Para além dos pulmões: os efeitos do coronavírus nos rins




Depois dos pulmões, os rins são o órgão mais afetado pela Covid-19 (Foto: Divulgação/ iStock)


No início da pandemia causada pelo novo coronavírus, na China, pouco se sabia sobre a doença. E certamente ainda há muito a ser revelado pelos cientistas até a produção de vacinas e medicamentos eficazes. Porém, agora já se sabe que a Covid-19, primeiramente descrita apenas como uma infecção respiratória, pode afetar o funcionamento dos rins e outros órgãos do corpo, como o sistema circulatório, favorecendo a formação de coágulos no sangue, além do coração, fígado, intestino e até o cérebro. “Estamos diante de uma doença sistêmica, com diversos aspectos a serem investigados em todo o organismo.
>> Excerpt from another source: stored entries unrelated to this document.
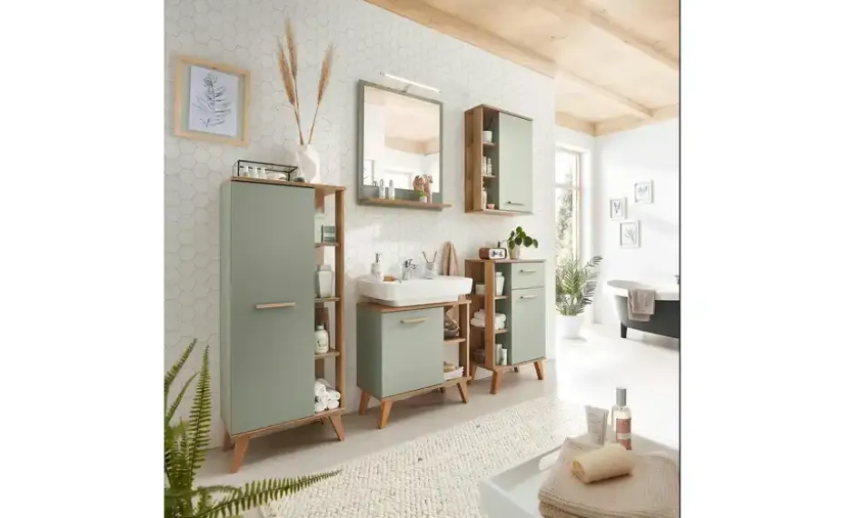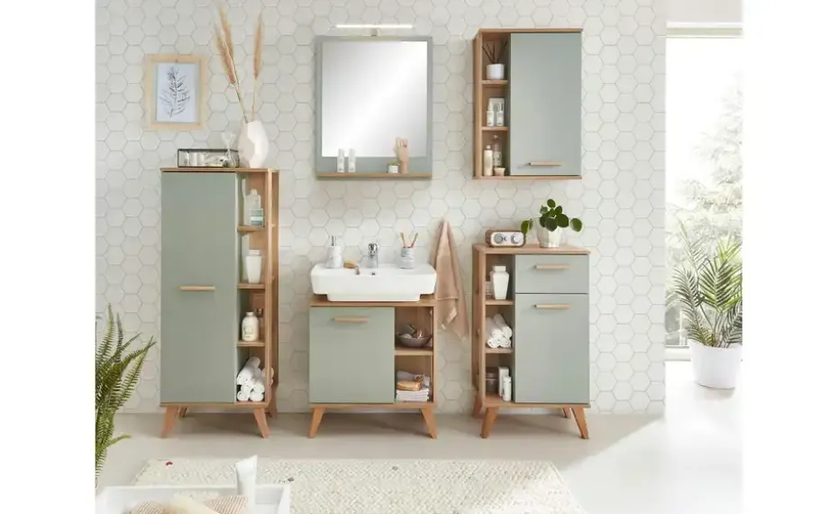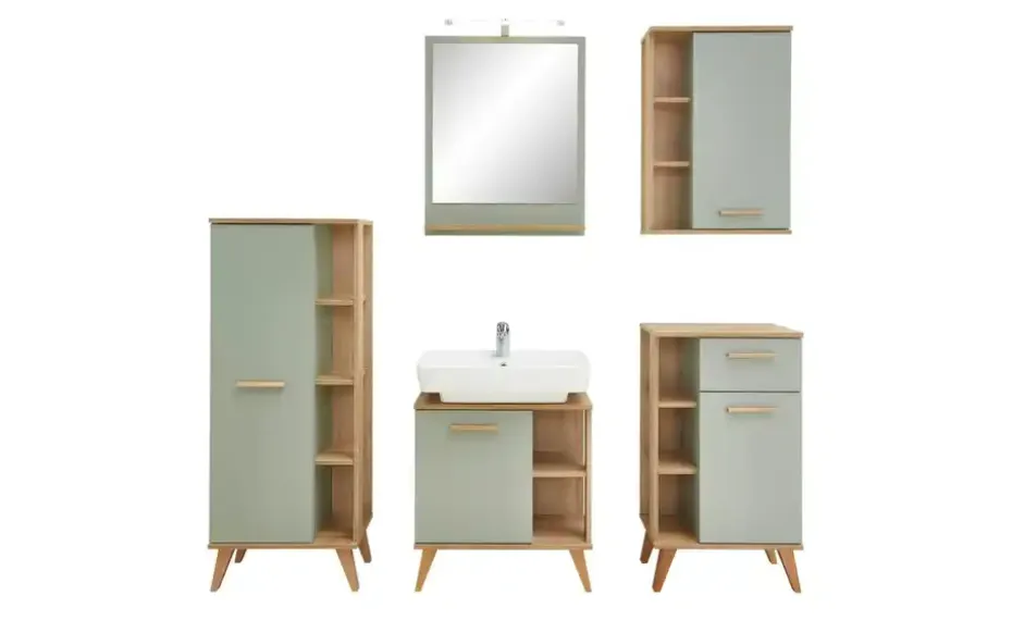 Waschbeckenunterschrank, Spiegel mit Aufsatzleuchte, Midischrank, Unterschrank, Hängeschrank
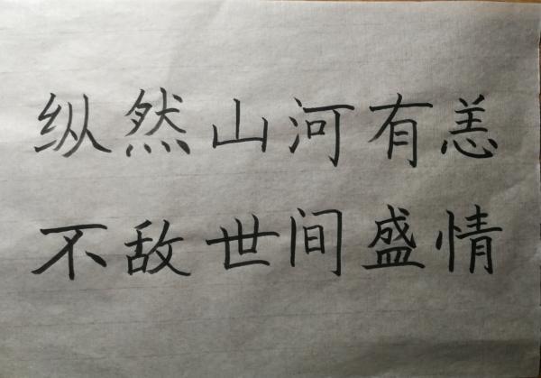 在书法比赛中,我们还欣赏到“纵然山河有恙 不低世间盛情”十二个方块字看似朴实无华,实则兼纳乾坤,书法里融入了儒家的坚毅,果敢和进取,也蕴涵了老庄的虚淡,散远和沉静闲适,还往往以一种不求丰富变化,在运笔中省去尘世浮华以求空远真味的意味。
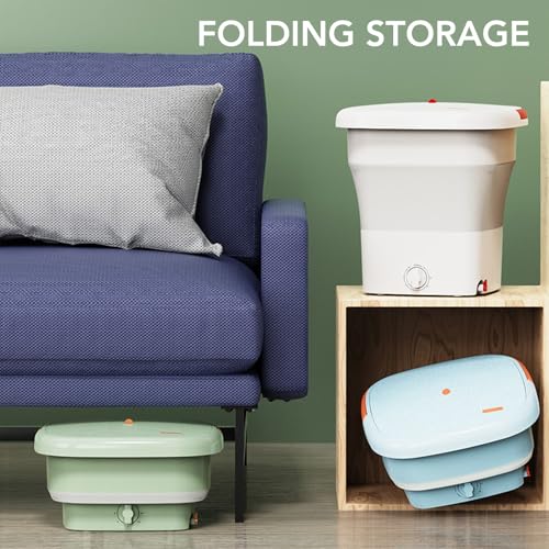 Zachte droogfunctie: de wasmachine is uitgerust met een zachte centrifugefunctie, die overtollig water automatisch kan verwijderen, de droogtijd verkort en het drogen van kleding versnelt. De mini-wasmachine is geschikt voor ondergoed, babykleding en handdoeken. Opvouwbare wasmachine, draagbare wasmachine voor kleding/sokken/ondergoed voor baby/meisjes.
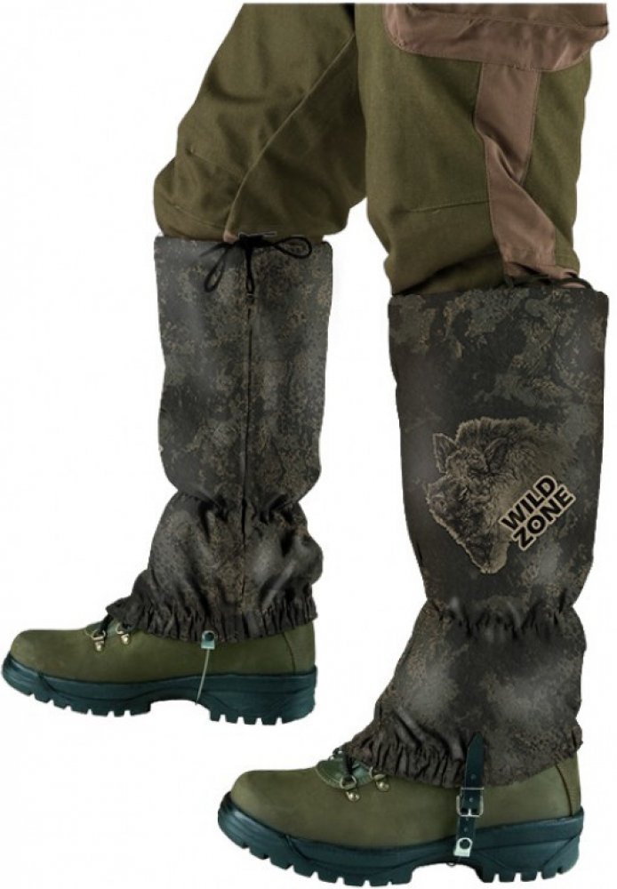 Návleky na nohy v hnedé barvě s motivem divočáka od značky Wildzone.
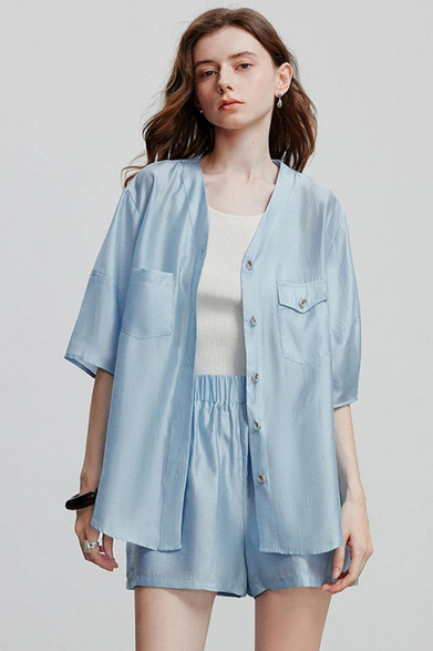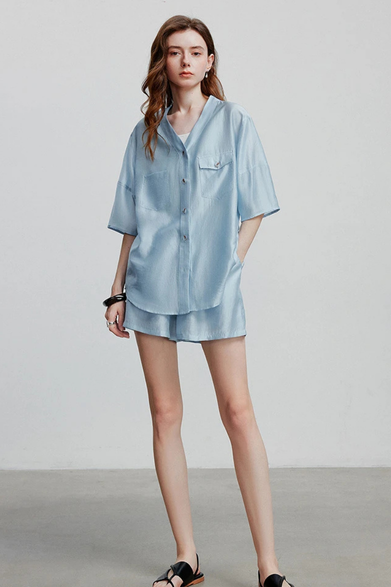 The Zariys Eirene Set is your go-to ensemble for effortless sophistication. Designed in a soft, airy light blue fabric, this two-piece outfit features an oversized button-up shirt with short sleeves and a classic collar, paired with matching high-waisted shorts for a polished yet relaxed look. Perfect for spring and summer days, this co-ord brings versatility and comfort to your modern wardrobe.

Sabemos que, depois da falência do pulmão, a falência renal é a mais comum em pacientes em estado grave de Covid-19”, disse o médico nefrologista José Suassuna, chefe do Setor de Nefrologia do Hospital Pedro Ernesto, da Universidade do Estado do Rio de Janeiro (Hupe/Uerj) e professor da Faculdade de Ciências Médicas da instituição.
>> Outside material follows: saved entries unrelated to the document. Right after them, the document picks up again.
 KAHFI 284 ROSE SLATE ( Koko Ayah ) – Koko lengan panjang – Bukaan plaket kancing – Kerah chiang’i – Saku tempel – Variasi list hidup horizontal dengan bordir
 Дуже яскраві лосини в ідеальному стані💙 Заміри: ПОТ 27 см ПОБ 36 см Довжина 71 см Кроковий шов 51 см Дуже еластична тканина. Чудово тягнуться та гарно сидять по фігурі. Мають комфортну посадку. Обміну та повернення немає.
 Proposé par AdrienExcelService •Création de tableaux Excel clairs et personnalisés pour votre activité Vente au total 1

Suassuna, que ao longo dos últimos anos contou com apoio da FAPERJ para a realização de suas pesquisas, tendo sido contemplado nos editais Pensa Rio e Apoio à Pesquisa em Transplante de Órgãos e Tecidos, explica que os pacientes com doenças renais estão entre os grupos de risco para a Covid-19, assim como pessoas portadoras de outras comorbidades, como diabetes, doenças cardíacas, respiratórias e hipertensão – muitas vezes, desconhecidas pelos próprios pacientes, que não dispõem de informação ou recursos para acompanhamento médico regular. “A doença renal crônica pode ser um dos fatores de risco que predispõe a uma evolução mais desfavorável da Covid-19”, disse. “Além da percepção mais comum, de que o rim é o grande filtro do organismo, pessoas com doenças renais também têm outras deficiências. Elas têm deficiência da resposta imunológica e, também, de alguns hormônios essenciais à saúde, como a eritropoietina, que regula a formação das hemácias, células de transporte de oxigênio no sangue”, completou.
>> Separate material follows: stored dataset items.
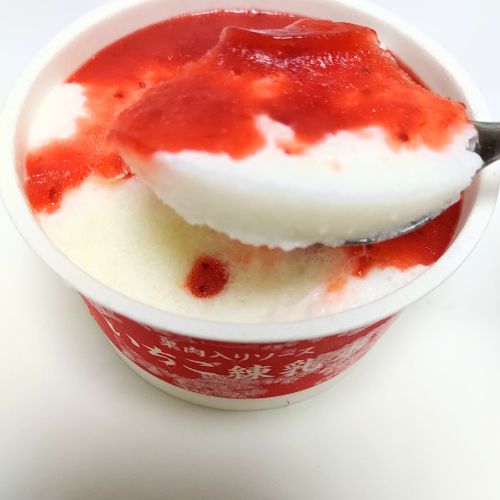 肝心な味としては ちょっと甘すぎかな?と感じはしましたが たっぷりの苺果実と練乳がウキウキ嬉しい。
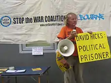 StWC were among many groups campaigning against the incarceration of former Australian Guantánamo detainees, David Hicks[8] and Mamdouh Habib,[9] who were held without trial by the US, as well as supporting the campaigns for Joseph "Jack" Thomas who was the first Australian charged under the Anti-Terrorism Laws and Dr Mohamed Haneef, an Indian doctor charged over a collapsed terrorism plot in the UK, subsequently having his Australian working visa cancelled by former Minister for Immigration, Kevin Andrews.[10] StWC accuse the Australian Government of leading "anti-Arabic racism" and "anti-Muslim attacks", which they argue are a pretext for these case examples. After the Cronulla race riots of 2005, StWC convener Pip Hinman likened the political climate to that of the anti-Asian racism during the period of the White Australia Policy, blaming the Government for the riots and accusing them of overshadowing the Right Wing political platform of the former One Nation leader, Pauline Hanson, in the 1990s.[11]
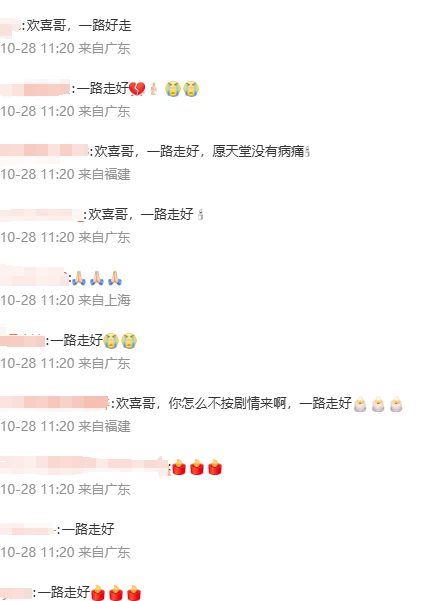 在许绍雄的微博下,众多网友留言悼念:欢喜哥,一路走好。
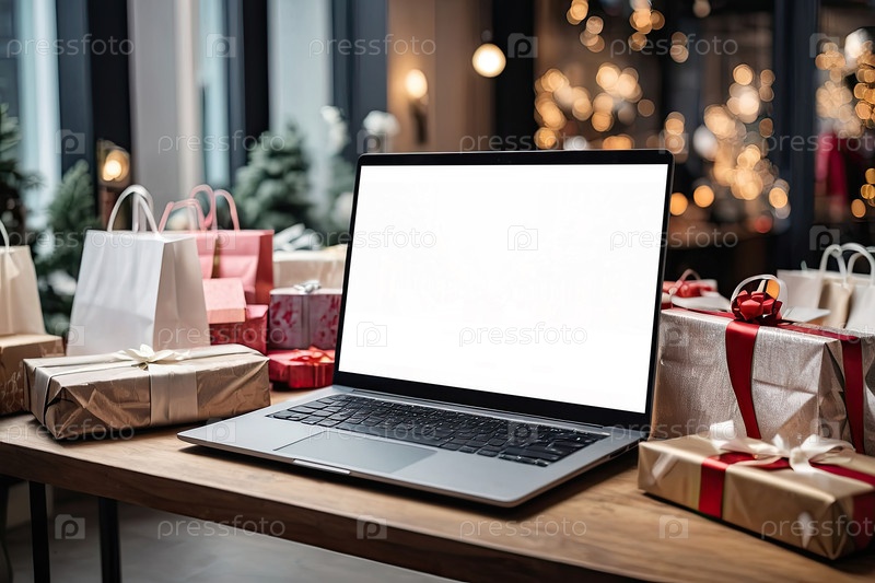 Ноутбук с белым экраном макет на столе в офисе рождественского декора с подарочными коробками для сотрудников, магазины, корпоративные подарки, Черная пятница,
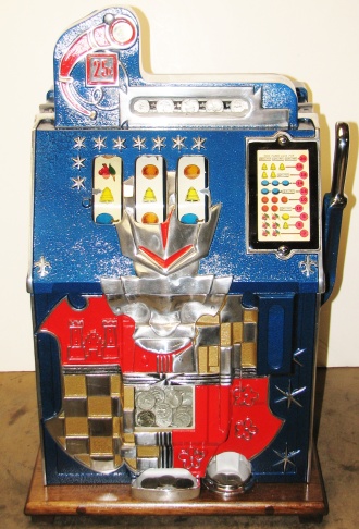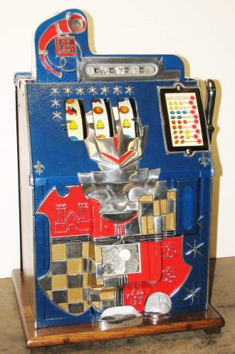 1938 Mills Castle Front 25 cent, in restored condition with working Jackpot and reserve, original Reel Strips in mint condition, original back door, original lock with one key, original cash box. Plays very easy, 3-5 payout.
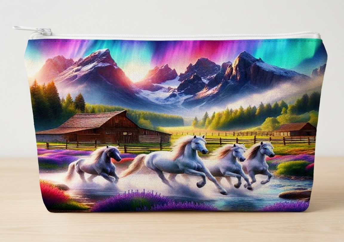 This eye-catching canvas accessory bag blends functional design with a breathtaking, ethereal aesthetic. Perfect as a high-end cosmetic case, a travel organizer, or a statement clutch, it features a vibrant wrap-around print that brings a touch of magic to your daily essentials.
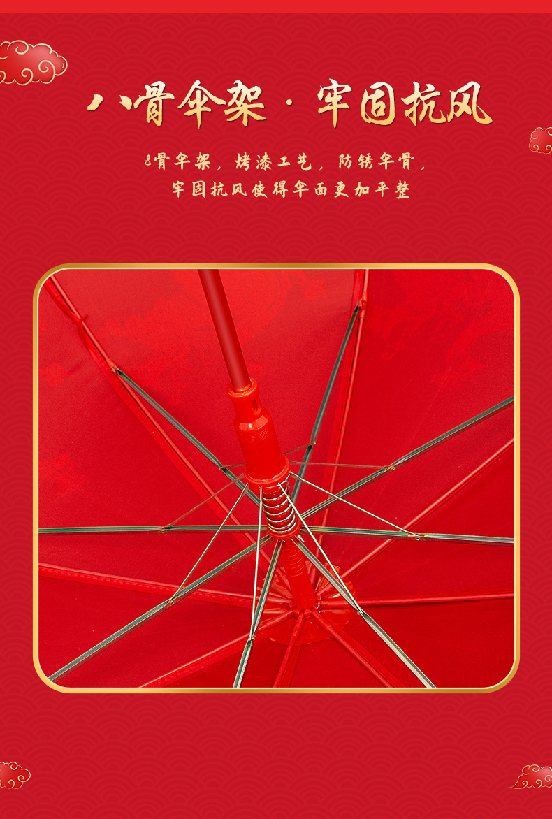 店长推荐(龙凤双喜)弯柄新娘伞双层绣花
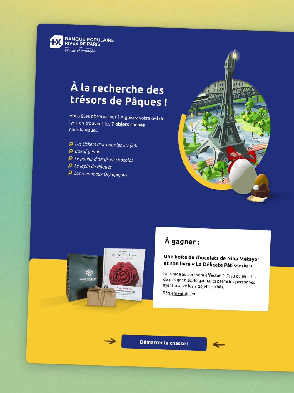 La Banque Populaire Rives de Paris nous a de nouveau missionné afin de réaliser un petit jeu concours interactif basé sur le principe de 'Où est Charlie ?'.

No entanto, ele destaca que o mais preocupante é que, além das doenças renais estarem entre os fatores de risco para o agravamento da doença, alguns pacientes que nunca apresentaram doenças renais antes de contraírem a Covid-19 podem sofrer os efeitos do novo coronavírus nos rins. “Muitos pacientes em estado grave, que precisam ir para o Centro de Tratamento Intensivo (CTI), onde são entubados sob ventilação, frequentemente apresentam complicações nos rins. Pela nossa experiência aqui no Hupe, eu diria que entre 30% e 40% dos pacientes nesse estado grave, em CTI, passaram a desenvolver complicações renais. Há artigos publicados internacionalmente que relatam que, em alguns lugares do mundo, esse número chegaria a 50%. Quando a insuficiência respiratória é acompanhada da insuficiência renal, a taxa de mortalidade sobe para 50% a 80%”, ressaltou. “As informações sobre a incidência e gravidade da insuficiência renal aguda na Covid-19, embora preliminares, são muito importantes para planejar a alocação de máquinas, insumos e recursos humanos para enfrentamento da pandemia”, acrescentou.


Suassuna observa que, nesses casos graves, os rins são muito afetados pela Covid-19. Em alguns desses pacientes, é necessário realizar procedimentos de diálise. O médico citou um artigo publicado no The New England Journal of Medicine, intitulado Multiorgan and Renal Tropism of SARS-CoV-2, em que pesquisadores da University Medical Center Hamburg–Eppendorf descrevem a análise do tecido renal após a necropsia de pacientes que faleceram com Covid-19 (ainda não realizada nas instituições de pesquisa fluminenses). “Nas imagens de microscopia do estudo, é possível visualizar os efeitos do coronavírus no tecido renal e notar a ação destrutiva celular, com a necrose bem evidente nas células dos túbulos renais dos pacientes com quadros mais graves de Covid-19”, frisou.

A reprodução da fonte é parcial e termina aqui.